TechRadar Verdict
Edison is very pretty, very efficient and very customisable but its Assistant is US-only.
Pros
- +
Lovely interface
- +
Unified inbox
- +
Swipes and dark mode
Cons
- -
US-only Assistant
Why you can trust TechRadar
Edison Mail is a much-loved iOS app, and now it’s available for the Mac. It looks and works very much like the iPad app and does all the important things its mobile sibling does.
There’s a clean, uncluttered interface that makes good use of swipe gestures; support for dark mode; and a Unified Inbox that enables you to combine your inboxes from most providers (but not currently Exchange). It’s ad-free and automatically blocks email trackers to help protect your privacy.
Interface and features
The app is very easy to set up, simple to use and very nice to spend time in. You can use Gmail, Apple Mail, Gmail Inbox or Microsoft Outlook keyboard shortcuts or Edison’s own ones, it’s easy to customize the swipe gestures, you can create your own templates and the support for Gmail aliases works very well – something that lets down some other Mac mail clients.
It’s a very attractive alternative to Apple’s Mail app and to browser-based clients, although its use of white space does mean it takes up a little more room than some clients: with otherwise identical settings for font sizes and preview lines, Apple Mail shows us 10 emails to Edison’s seven.
There are three key features designed to protect your privacy and eradicate irritations.
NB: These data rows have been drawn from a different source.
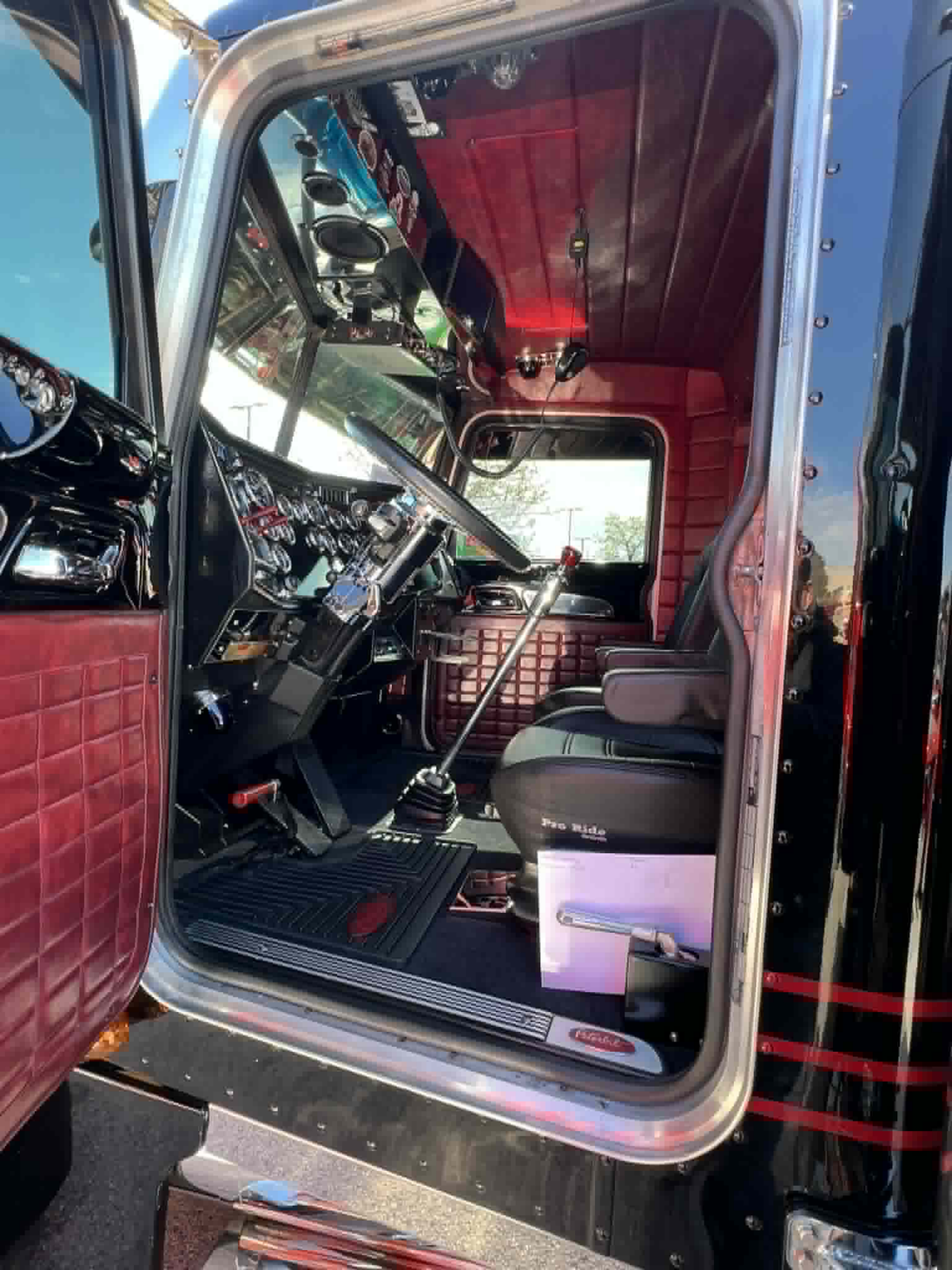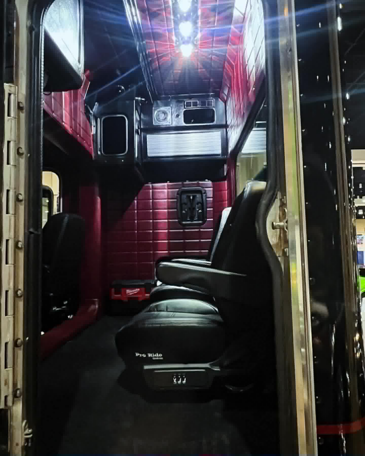 Jarret grew up around trucking. His father has been an owner-operator since the late ’80s. There’s legacy in this build. The stripe layout mirrors one his dad ran in the early ’90’s, modernizing from yellow and orange to black and red. The red interior traces back to an oxblood dump truck from his childhood.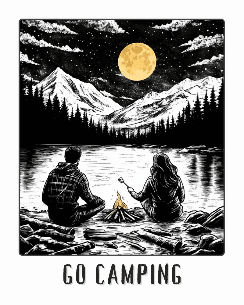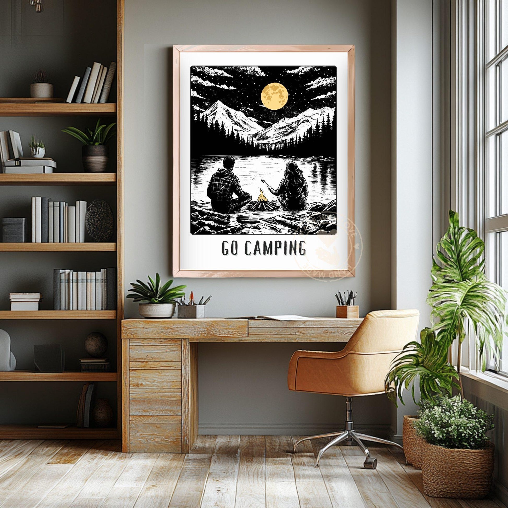 Idéal comme cadeau pour la famille, les amis ou les autres campeurs, ce poster camping apporte charme, inspiration et aventure à tout espace. Disponible en plusieurs formats, l' affiche « Go Camping » est prête à être encadrée ou exposée, ce qui en fait un incontournable pour tous les passionnés de camping, de randonnée et d'exploration en pleine nature.
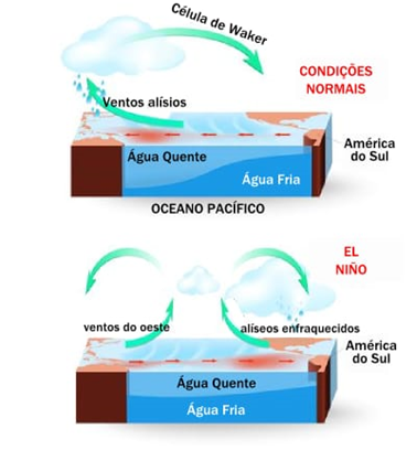 O El Niño Oscilação Sul (ENOS) é uma anomalia natural cíclica que acontece no Oceano Pacífico quando ocorre a diminuição da atuação dos ventos alísios. O enfraquecimento das altas pressões diminui a intensidade dos ventos alísios que são ventos que sopram na superfície dos trópicos em direção ao Equador. Essas correntes de ar são responsáveis por carregar calor e umidade dos oceanos para as áreas continentais equatoriais.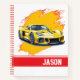 This notebook is shown in a regular shape with college rule pages with a sports car photo art print.

Block Sender does exactly what you’d expect, although it’s separate from Apple’s own blocklist so if you’ve been block-happy in Mail for a while you may need to re-block some persistent senders in Edison.
One-click Unsubscribe gets rid of those mailing lists and promotions you don’t recall signing up for, and Read Receipt Blocking is a more subtle way to prevent people snooping on you than just blocking external images. With Read Receipt Blocking you can keep images on without worrying about tracking pixels.
Messages that matter
One of Edison’s headline features is the Assistant, which scans your email and classifies appropriate ones as Travel, Packages, Bill & Receipts or Entertainment so you can get a bird's-eye view of the things that matter to you. We’ve seen similar classification and filtering in other mail apps, notably Microsoft’s Outlook and Google’s now-discontinued Inbox, but Edison’s approach is more fun and friendly.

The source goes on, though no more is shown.